Sample results with different inputs. From left to right: input images, estimated normal maps and reconstructed 3D face models. Here we use the leftmost image as the single input. You can find more results in the paper and supplementary material.

Requirements

1. Basic Environment

  • Ubuntu, CUDA-10.1, Python 3.7
  • C++ libraries: OpenCV, Eigen
  • Python packages: PyTorch(=1.3.1), Numpy, OpenCV, gen_normal_mask

2. Install

To install the third-party package 'gen_normal_mask' you need to do the following step:

cd gen_normal_mask -> run 'python set_up.py install'

Usage

Testing

1. Trained Models

Our trained models are contained as

trained_models/proxy.pth       # Proxy Estimation Network
trained_models/normal.pth.tar  # Normal Estimation Network

2. Test FacePSNet on the sample subject

# Prepare the input images in sample/**.jpg
# Test FacePSNet on the sample subject with three images as input
bash test_sample.sh
# Please check the outputs in output/

3. Test FacePSNet on your own subject

First you need to create a new path to store arbitrary number of images as input for a sinlge subject. Here we use three images in 'sample/' as input for the sample subject. You can change the number of input images according to your situation. Then you need to create a new list to store the path of all input images for a single subject, like 'sample_imgs.txt'. After preparing your input images you can call the following command:

# Test FacePSNet on your own images with arbitrary number of images as input
# The sample command is in our 'test_sample.sh'
python main.py [gpu_id] [list] [output_path]
# Please check the outputs in your output path

Vertex Recovery

1. Compile

Before using this code to recover the face model, you need to do the following two things in ShapefromNormal/:

  • Compile process_normal.cpp
g++ -O2 -std=c++11 process_normal.cpp -o process_normal `pkg-config --cflags --libs opencv`
  • Compile view_depth.cpp
g++ -O2 -std=c++11 view_depth.cpp -o view_depth `pkg-config --cflags --libs opencv`

2. On the sample subjet

Given a normal map and proxy parameters estimated from our network, a hight quality 3D face model can be reconstructed using the following command:

# Reconsturct 3D face model of our sample subject
cd ShapefromNormal 
bash run.sh
# Please check the 'depth.obj' in output/

3. On your own subjects

You need to create a new list to store the path of the normal map and proxy parameters for a single subject, like 'ShapefromNormal/list.txt'. You can contain more subject's paths at the same time.
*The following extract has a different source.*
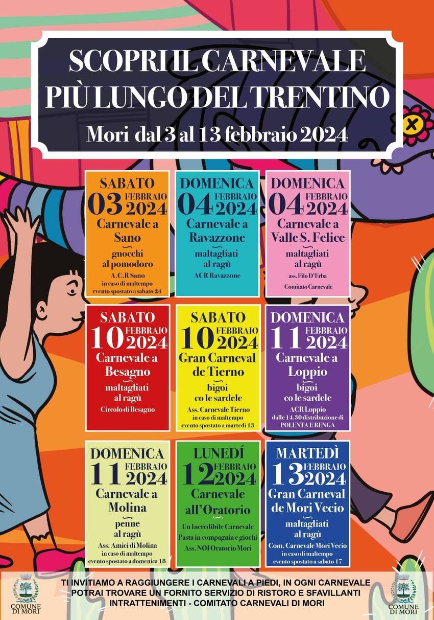 Aggiungi al tuo calendario2024-02-03 11:00:002024-02-13 23:30:00Europe/RomeSCOPRI IL CARNEVALE PIÙ LUNGO DEL TRENTINO - Mori dal 3 al 13 febbraio 2024

After preparing your list you can call the following command:

# Reconsturct 3D face model of your own subjects
# You need to adjust 'run.sh' according to your specific situation
cd ShapefromNormal
bash run.sh

Then you can check the outputs in your listed paths.

Citation

Please cite the following papers if it helps your research:

@inproceedings{Wang2020Lightweight,
     title={Lightweight Photometric Stereo for Facial Details Recovery},
     author={Wang, Xueying and Guo, Yudong and Deng, Bailin and Zhang, Juyong},
     booktitle={IEEE Conference on Computer Vision and Pattern Recognition (CVPR)},
     year={2020}
}

Acknowledgement

This work was supported by the National Natural Science Foundation of China (No. 61672481), and Youth Innovation Promotion Association CAS (No. 2018495).